На телеге стоял, как на Божьем пороге,
И стегал вороных безутешный Корней.
И кричал он вослед журавлиному клину,
И с отмашкой слезу утирал рукавом:
— Ох, не мину судьбы! Ох, судьбины не мину
На небесном пути, на пути роковом!
Где-то дрогнула ось, где-то брызнула спица,
Повело, подняло, понесло между пней!
И склонились над ним:
— Чей ты будешь, возница? —
Харкнул кровью в траву безутешный Корней.
И спросили его:
— Ты в уме в самом деле?
И куда понесло тебя с грешной земли?
— Я-то что, я-то что?
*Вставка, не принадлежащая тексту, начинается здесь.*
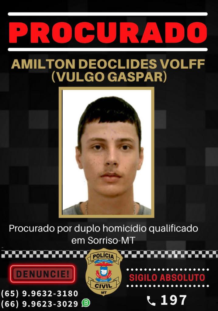 Informações que possam levar ao paradeiro dos procurados podem ser passadas ao disque denúncia da Polícia Civil, pelo 197, ou aos números da Delegacia de Sorriso: (66) 99623-3029 e (65) 99632-3180. O sigilo nas informações é absoluto.

Журавли улетели!
Без следа улетели мои журавли!
Я ПОДОЖДУ
Звезда сорвалась и разбилась в осколки,
В крещенскую стужу алтайские волки
Отпели звезду.
Промёрзли кристальные млечные воды,
Свернули мережи кипучие годы,
А я подожду.
В глухой полынье утопилась удача,
Терпенье моё захлебнулось от плача
У всех на виду.
А счастье в соседнем дурдоме хохочет,
Всерьёз о кладбищенской доле хлопочет.
Но я подожду.
Любимая, если ты не заблудилась
И сердце в осколки ещё не разбилось,
Не смёрзлось во льду, -
Ты вспомни, как мы в полынью угодили,
Как медленно сани под лёд уходили, -
Ты вспомни, ты вспомни,
А я подожду.
Уходит ли время, уходим ли сами,
Как наши крылатые с песнями сани
Ушли на беду, -
Никто на стенания не отзовётся,
Сквозь наши бураны никто не пробьётся…
Но я подожду.
УЛЫБКА
Сердце зашлось, суматошно забилось,
Захолонуло вконец,
Взмыло над пропастью, остановилось…
В полночь приснился отец.
Будто и не было вовсе погоста,
Не поминали навзрыд –
В полночь приснился: кедрового роста
Златом загара покрыт.
Я подхожу, он как будто не видит –
Обережённый судьбой,
Батя кровинку свою не обидит,
Не уведёт за собой.
Он улыбается! Проблеск улыбки
Ищет на ощупь ответ –
И на прозрения, и на ошибки
Льётся лазоревый свет.
Может быть, может быть, светом оттуда
Мир изначально спасён?
Может быть, это и вовсе не чудо,
Может быть, вовсе не сон?
Я не любим, и не люблю,
Я утоплю тоску в стакане,
Именье ближнее спалю
И поселюсь в Тмутаракани.
А ты живи, как суждено,
А ты забудь меня навеки.
Меня на свете нет давно.
Меня и не было на свете.
Я задурю назло врагу,
Как все мои чудные предки,
Медведя в сани запрягу,
Поеду свататься к соседке.
И пусть откажет мне она —
Я рад январскому затишью,
Я гляну утром из окна —
И до крыльца тропу расчищу.
Зачем? — ещё не зная сам —
Я пошепчусь в саду с рябиной.
Я чувствую, как по лесам
Ко мне летит кортеж с любимой.
Ты шубу скинешь на ходу,
Влетишь в распахнутые сени:
«Ты думал, дурень, не найду?» —
И дурень рухнет на колени!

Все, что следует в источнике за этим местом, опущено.